▶ WORK ITEM
Reproduce the opening lines of the listing below exactly, stopping after the line that contains "ជនសង្ស័យដែលត្រូវបានឃាត់ខ្លួនមានចំនួន ០៤ នាក់" and leaving out any pictures.

▶ AVAILABLE DATA

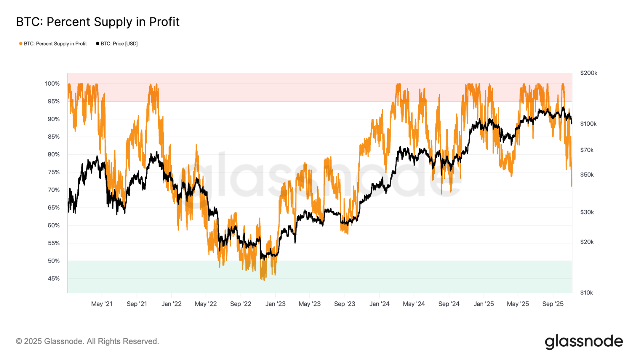 进一步分析可以发现,此次调整形成的结构与 2024 年 6 月及 2025 年 2 月相似 —— 这两个时期,比特币均处于 「反弹」 与 「深度收缩」 的关键十字路口。目前 10 万美元价位下,约 71% 的供应仍盈利,使市场处于中期放缓阶段典型的 70%-90% 盈利供应均衡区间下限。
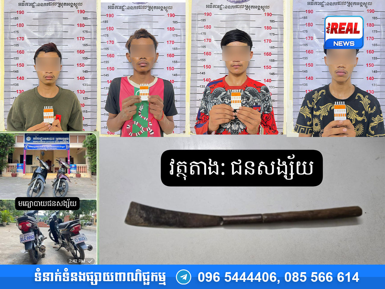 ជនសង្ស័យដែលត្រូវបានឃាត់ខ្លួនមានចំនួន ០៤ នាក់ រួមមាន៖ ឈ្មោះ ចិន្តា ចំរើនរាជ្យ ហៅ ជា ភេទប្រុស អាយុ ១៦ ឆ្នាំ ជនជាតិខ្មែរ មុខរបរកម្មកររោងចក្រ មានទីលំនៅភូមិត្រពាំងឈូក ឃុំពើក ស្រុកអង្គស្នួល ខេត្តកណ្ដាល (ជាអ្នកបើកម៉ូតូ គ្មានសារធាតុញៀនក្នុងទឹកនោម), ឈ្មោះ ឌៀង ករុណា ហៅ លត ភេទប្រុស អាយុ ១៥ ឆ្នាំ ជនជាតិខ្មែរ មុខរបរមិនពិត មានទីលំនៅភូមិទន្លាប់ខ្ពស់ត្បូង ឃុំដំណាក់អំពិល ស្រុកអង្គស្នួល ខេត្តកណ្ដាល (ជាអ្នកកាន់កាំបិតជិះពីក្រោយ គ្មានសារធាតុញៀនក្នុងទឹកនោម), ឈ្មោះ វី កក្កដា ភេទប្រុស អាយុ ១៧ ឆ្នាំ ជនជាតិខ្មែរ មុខរបរសិស្ស មានទីលំនៅភូមិត្រពាំងឈូក ឃុំពើក ស្រុកអង្គស្នួល ខេត្តកណ្ដាល (ជាអ្នកបើកម៉ូតូ គ្មានសារធាតុញៀនក្នុងទឹកនោម), និងឈ្មោះ ហាន ឆាយអ៉ី ហៅ អ៉ី ភេទប្រុស អាយុ ១៦ ឆ្នាំ ជនជាតិខ្មែរ មុខរបរកម្មករោងចក្រ មានទីលំនៅភូមិថ្លើក ឃុំពើក ស្រុកអង្គស្នួល ខេត្តកណ្ដាល (ជាអ្នកជិះពីក្រោយ គ្មានសារធាតុញៀនក្នុងទឹកនោម)។
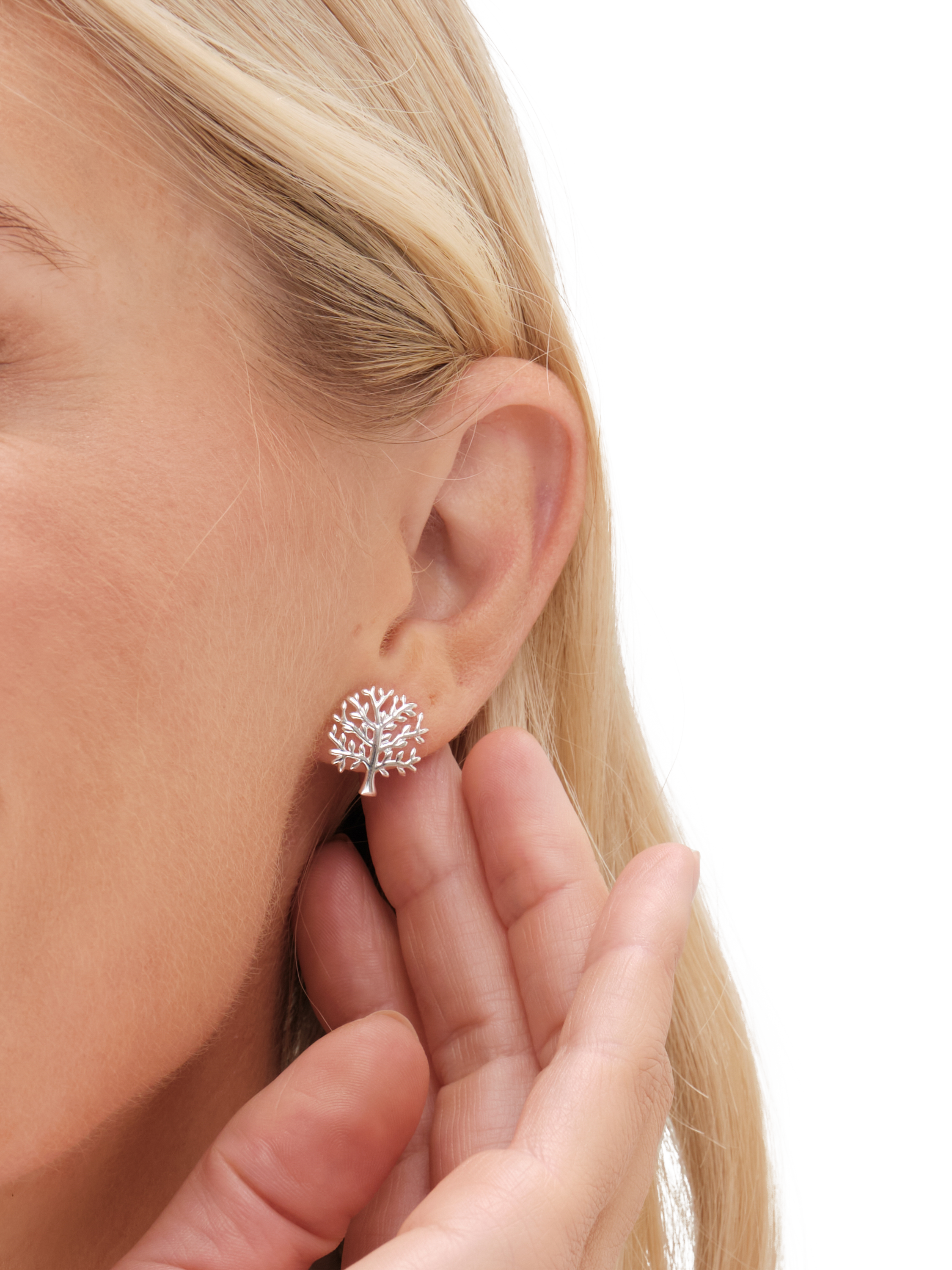 These polished stud earrings feature a graceful tree design, with a sleek and sophisticated finish. These earrings symbolize growth and strength, offering a meaningful touch. Perfect for gifting to a loved one. Secured with a post and catch fastening.

▶ OUTPUT BELOW
 进一步分析可以发现,此次调整形成的结构与 2024 年 6 月及 2025 年 2 月相似 —— 这两个时期,比特币均处于 「反弹」 与 「深度收缩」 的关键十字路口。目前 10 万美元价位下,约 71% 的供应仍盈利,使市场处于中期放缓阶段典型的 70%-90% 盈利供应均衡区间下限。
 ជនសង្ស័យដែលត្រូវបានឃាត់ខ្លួនមានចំនួន ០៤ នាក់ រួមមាន៖ ឈ្មោះ ចិន្តា ចំរើនរាជ្យ ហៅ ជា ភេទប្រុស អាយុ ១៦ ឆ្នាំ ជនជាតិខ្មែរ មុខរបរកម្មកររោងចក្រ មានទីលំនៅភូមិត្រពាំងឈូក ឃុំពើក ស្រុកអង្គស្នួល ខេត្តកណ្ដាល (ជាអ្នកបើកម៉ូតូ គ្មានសារធាតុញៀនក្នុងទឹកនោម), ឈ្មោះ ឌៀង ករុណា ហៅ លត ភេទប្រុស អាយុ ១៥ ឆ្នាំ ជនជាតិខ្មែរ មុខរបរមិនពិត មានទីលំនៅភូមិទន្លាប់ខ្ពស់ត្បូង ឃុំដំណាក់អំពិល ស្រុកអង្គស្នួល ខេត្តកណ្ដាល (ជាអ្នកកាន់កាំបិតជិះពីក្រោយ គ្មានសារធាតុញៀនក្នុងទឹកនោម), ឈ្មោះ វី កក្កដា ភេទប្រុស អាយុ ១៧ ឆ្នាំ ជនជាតិខ្មែរ មុខរបរសិស្ស មានទីលំនៅភូមិត្រពាំងឈូក ឃុំពើក ស្រុកអង្គស្នួល ខេត្តកណ្ដាល (ជាអ្នកបើកម៉ូតូ គ្មានសារធាតុញៀនក្នុងទឹកនោម), និងឈ្មោះ ហាន ឆាយអ៉ី ហៅ អ៉ី ភេទប្រុស អាយុ ១៦ ឆ្នាំ ជនជាតិខ្មែរ មុខរបរកម្មករោងចក្រ មានទីលំនៅភូមិថ្លើក ឃុំពើក ស្រុកអង្គស្នួល ខេត្តកណ្ដាល (ជាអ្នកជិះពីក្រោយ គ្មានសារធាតុញៀនក្នុងទឹកនោម)។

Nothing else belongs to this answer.